At the Vail Cascade Resort in Vail, Colorado, thirty-three photographers and a faculty list of some of the most impressive names in photography have gathered for a week to work with the latest in digital imaging technology as part of the Rich Clarkson Digital Summit. Apple, Nikon and Epson are sponsoring the Summit.
An offshoot of the long running Photography at the Summit Workshop this second annual Digital Summit began two years ago when founder Rich Clarkson noticed that the quality of digital photography was suddenly at the level where a photographer working exclusively in the digital realm was no longer forced to make a compromise. And the catalyst for the change? Professional digital gear from Nikon, and the power of the Macintosh.
“The Mac is pretty much the accepted computer for imaging,” Clarkson told MacCentral. “Always has been, and Apple has continued to position themselves at the front of this changing technology. The Mac is easier to use, and it’s better at doing things that the photographer needs.”
Until recently, Clarkson’s summits were sponsored by Kodak. Kodak would send two large processing vans from Rochester to Wyoming and Colorado for the Photography at the Summit Workshop, and the Sports Shooter Workshop. A staff of twelve Kodak employees worked day and night processing hundreds of rolls of film. “Here,” explains Clarkson “we can do that with digital cameras and Apple computers for one hundredth of the expense that Kodak went through to support these photographers.”
Certainly a peek into the workshop’s classroom reveals that digital photographers are squarely in the Macintosh camp. While many participants have brought their own equipment (the Titanium PowerBook being the most popular solution) the classroom is well stocked with Mac workstations ranging from G3 iMacs to G4 towers, and (the very popular) G4 iMac. A few shooters are more familiar with PC equipment, but working with the Mac this week has been an eye-opening experience.
“I’ve been a PC user for about five years,” says Robin Langsdorf, a photographer based out of Avon, Colorado. “I’ve never been able to get into the creative applications of it because [the PC] is so damn hard. It’s just complicated. What little exposure I’ve had thus far on the Mac seems so much more direct and so much easier.” Laughing, Langsdorf adds, “I have a friend who gave me advice when I was looking for a computer.

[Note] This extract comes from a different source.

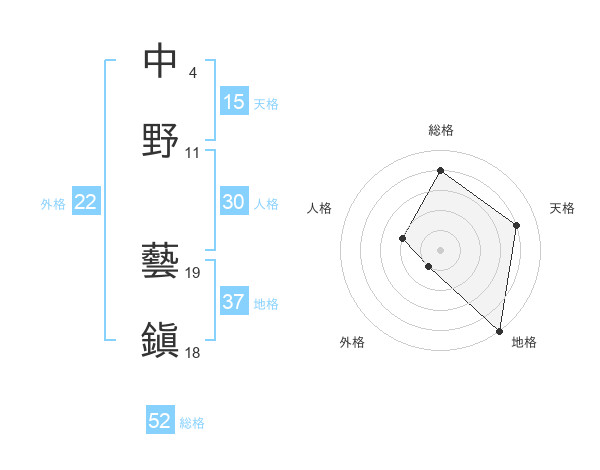 中野 藝鎭さんの総格は52画の4点!

He said ‘go PC. It’ll do all the things you want it to’. That friend just sold his PC and bought a Mac.”
Apple’s Bob Smith (the force responsible for the company’s sponsorship of the workshops, and a photographer as well) is not surprised. “I always think of things in terms of the integration between the OS and applications. When you look at solutions like PhotoMechanic and Photoshop, and the ease of working with a Mac portable in the field … I think there are a lot of pieces that fit together better on a Mac.”
For this seminar the pieces include the brand new Nikon D100 prosumer SLR, the Epson 7600 printer and Nikon’s new OS X versions of Nikon Capture and Nikon View. This event is the first chance award winning photographers like Olympics shooter Dave Black, National Geographic photographer Joe McNally, former White House photographer Susan Biddle (and a whole list of equally famous instructors) have gotten hands-on time with the new Nikon gear, and the first time many workshop participants have used digital cameras at all.
Instructors and participants alike are finding that the Mac can handle any digital challenge thrown at it. As Apple’s Smith puts it “I’ve had some people tell me that it’s confusing for them to use a Mac here when they are used to a PC, but I’ve never had anyone come to me at the end of a seminar and tell me that they wish they had done it on the PC.”